# DESCRIPTION OF THE TASK
Where the listing below has a line with "2022财年全年,耐克营收达", write out exactly that line and every line after it, stopping after the line with "BTC-D37 материнская плата".

# INPUT DATA
....

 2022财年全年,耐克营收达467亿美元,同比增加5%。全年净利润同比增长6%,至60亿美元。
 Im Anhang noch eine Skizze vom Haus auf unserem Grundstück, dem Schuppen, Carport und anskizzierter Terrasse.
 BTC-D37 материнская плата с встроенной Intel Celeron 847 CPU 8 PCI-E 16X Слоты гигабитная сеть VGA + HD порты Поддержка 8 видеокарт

....

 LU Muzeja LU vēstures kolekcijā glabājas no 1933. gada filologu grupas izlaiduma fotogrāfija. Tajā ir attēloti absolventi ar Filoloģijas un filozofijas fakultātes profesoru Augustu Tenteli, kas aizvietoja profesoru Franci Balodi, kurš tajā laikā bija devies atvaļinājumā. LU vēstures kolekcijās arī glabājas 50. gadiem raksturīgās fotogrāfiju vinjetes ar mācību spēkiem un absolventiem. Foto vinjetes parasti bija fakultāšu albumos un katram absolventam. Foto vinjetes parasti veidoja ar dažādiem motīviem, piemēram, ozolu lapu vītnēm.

....

# TASK OUTPUT
 2022财年全年,耐克营收达467亿美元,同比增加5%。全年净利润同比增长6%,至60亿美元。
 Im Anhang noch eine Skizze vom Haus auf unserem Grundstück, dem Schuppen, Carport und anskizzierter Terrasse.
 BTC-D37 материнская плата с встроенной Intel Celeron 847 CPU 8 PCI-E 16X Слоты гигабитная сеть VGA + HD порты Поддержка 8 видеокарт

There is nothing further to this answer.